The chart repays a slow read, starting with its most counterintuitive line. Swiss franc cash, net of fees, carries a negative expected return — which makes the “safest” allocation the one most likely to lose money. The 90%-cash allocation has a 39% chance of finishing below its starting value, three times the Balanced allocation’s 13%, and it offers nothing in exchange: across a thousand simulated decades its best outcomes barely reach CHF 102, before inflation has taken its share. Every other allocation buys its chance of loss with a real prospect of gain; cash accepts the chance of loss and skips the prospect. Judged the way a decade should be judged — by the odds of failing to preserve capital — cash is hands down the riskiest asset on the chart. Its one virtue is that its losses are shallow: it loses often, but politely. The distinction a board needs is between losing often and losing badly — cash specialises in the former, equities in the latter, and only one of the two pays you for the discomfort.
The rest of the ladder has its own arithmetic. The step from Defensive to Balanced is the bargain: the median outcome rises from 116 to 128 with essentially no deterioration in the bad scenarios — that is diversification actually earning its keep. Beyond Balanced, the terms worsen: moving to Growth lifts the median by only three francs while the worst-in-twenty outcome drops from 89 to 74, and the aggressive allocation buys a seductive right tail — a one-in-twenty chance of 263 — at the price of the deepest losses and a one-in-five chance of going backwards.
Nothing in the chart says which allocation is correct; that is the point. The right allocation is where the boundaries from the first step — the cash needs, the horizon, the bearable loss — meet a distribution the board can look at and accept. Different institutions will land on different allocations from the same chart, each for reasons they can now articulate.

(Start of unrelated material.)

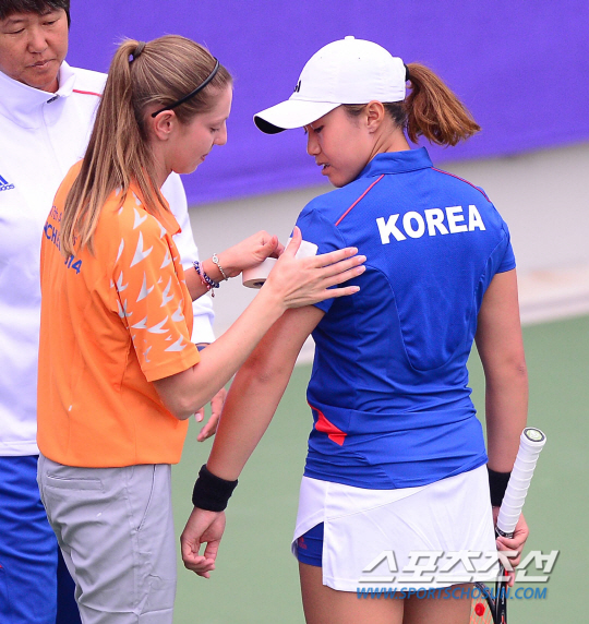 21일 오전 인천 열우물테니스장에서 2014 인천 아시안게임 테니스 여자 단체전 한국과 필리핀의 경기가 열렸다. 경기 전 심판이 대회 규정에 따라 한국 한나래 유니폼의 스폰서 광고에 테이핑을 하고 있다.

From decision to discipline
The chosen allocation is then written down: target weights, bands around them, rebalancing rules, all anchored in the investment policy. From that point the work is discipline, not prediction — rebalance when bands are breached, revisit the study when the institution changes, and resist revisiting it merely because markets wobble.
We cannot promise a return; nobody honestly can. What we can promise is that the risk was chosen — not inherited, not defaulted into — with its consequences in full view, so that when the bad year eventually comes, it surprises no one for the wrong reasons.
Simulations: Bisfico portfolio construction engine — fat-tailed (t-copula) dependence fitted to 20 years of market history, consensus capital market assumptions in CHF (2026), 1,000 paths over 10 years, net of fees. Optimisation and covariance estimation via Portfolio Optimizer.